V. Personal data processing legal basis

Our company is allowed to process your personal data based on:

(a) execution and fulfilment of the contract between our company and you

(b) fulfilment of our legal obligations

(c) protection of our legal rights and interests, our legitimate interests, or that of a third party, if these interests take precedence over your interests or your fundamental rights and freedoms

(d) your consent

VI. Personal data processing extent and method

Our company processes your personal data to the extent necessary for fulfilment of the purposes mentioned above. The methods that our company uses include both manual and automated processes  in both electronic and paper form. One of the methods that our company uses is automated personal data profiling of our customers. This method also results in derived customer information. We use this method mainly to comply with our legal obligations and to protect the rights and legally protected interests of our company, our clients and third parties. To a certain extent, our company may use these results when preparing individually tailored products and services.

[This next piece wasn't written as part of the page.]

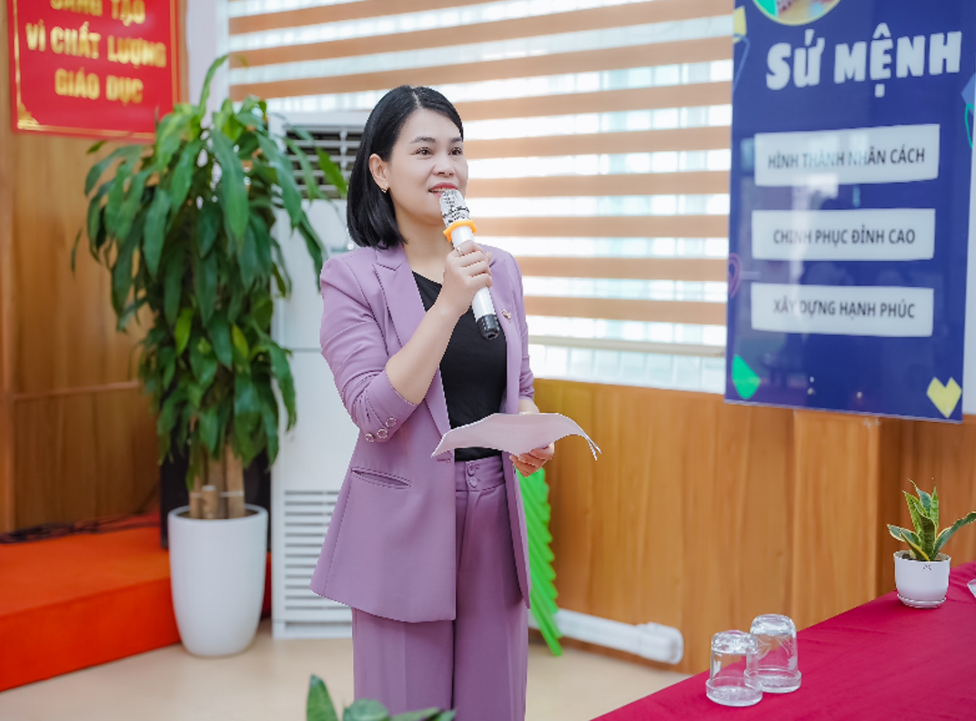 Cũng tại Hội nghị, đồng chí Vũ Vương Kiều Hoa - Hiệu trưởng trường MN Hoa Hồng đã chia sẻ tham luận về phát triển chương trình lồng ghép giáo dục lễ giáo, kỹ năng sống cho trẻ mầm non.

Your personal data is primarily processed by our authorized  employees and when necessary by third parties (see above ‘Who has access to your personal data’). Before we share your personal data with a third party we always sign a personal data processing agreement with this party, which offers the same guarantees when processing personal data as our own company is legally obliged to observe.

Security cameras

At the entrance to our stores we inform you that we monitor our premises with camera recording systems, based on our legitimate interest in protecting our property and other individuals and also as evidence in case of an incident. We also monitor all till transactions, based on our legitimate interest in preventing fraud and also as evidence, e.g. in case you arrive home and realize that you forgot something in store, but that you have paid for. Together with the store recordings we also save individual till transaction recordings.

VII. How long we process and keep your data

Our company processes our customers’ personal data for only as long as necessary, depending on the reason why they have been processed. We regularly re-evaluate our need for processing certain personal information that we have collected for specific reasons. If we discover that there is no reason to retain the data any more, we discard it. The general rule is that the personal data processed while:

(a) fulfilling the contract, we process throughout the contract duration period and when the contract with the customer expires, the data is usually retained for a period necessary to fulfil legal or contractual obligations,

(b) fulfilling our legal obligation, we process for a period of time stated in relevant legal regulations,

(c) offering products and services, we process for the duration of the consent the customer gave us,

(d) protecting legitimate interests, we process for as long as our legitimate interests to retain them require.

VIII. Your rights as a data subject

We would like to assure you that we process your data transparently, properly and in compliance with law. As a data subject you have the right to access, correct or delete your personal data, or limit your data processing, unless otherwise stated in a specific regulation. You have the right to transfer the data that you provided with your consent and when executing a contract with us, that is the right to obtain your personal data in the form of a machine readable, standard format copy. You have the right to oppose your data processing if the data is processed on the basis of our legitimate interests, i.e. our camera recording system. You have the right to retract your consent to specific personal data processing anytime. If you retract your consent, the legal processing of your personal data before the retraction is not affected. You have the right to file a complaint with our company or with the personal data protection office, which is the Office for Personal Data Protection (Úřad na ochranu osobních údajů), the address and contact details of this office are available at www.uoou.cz.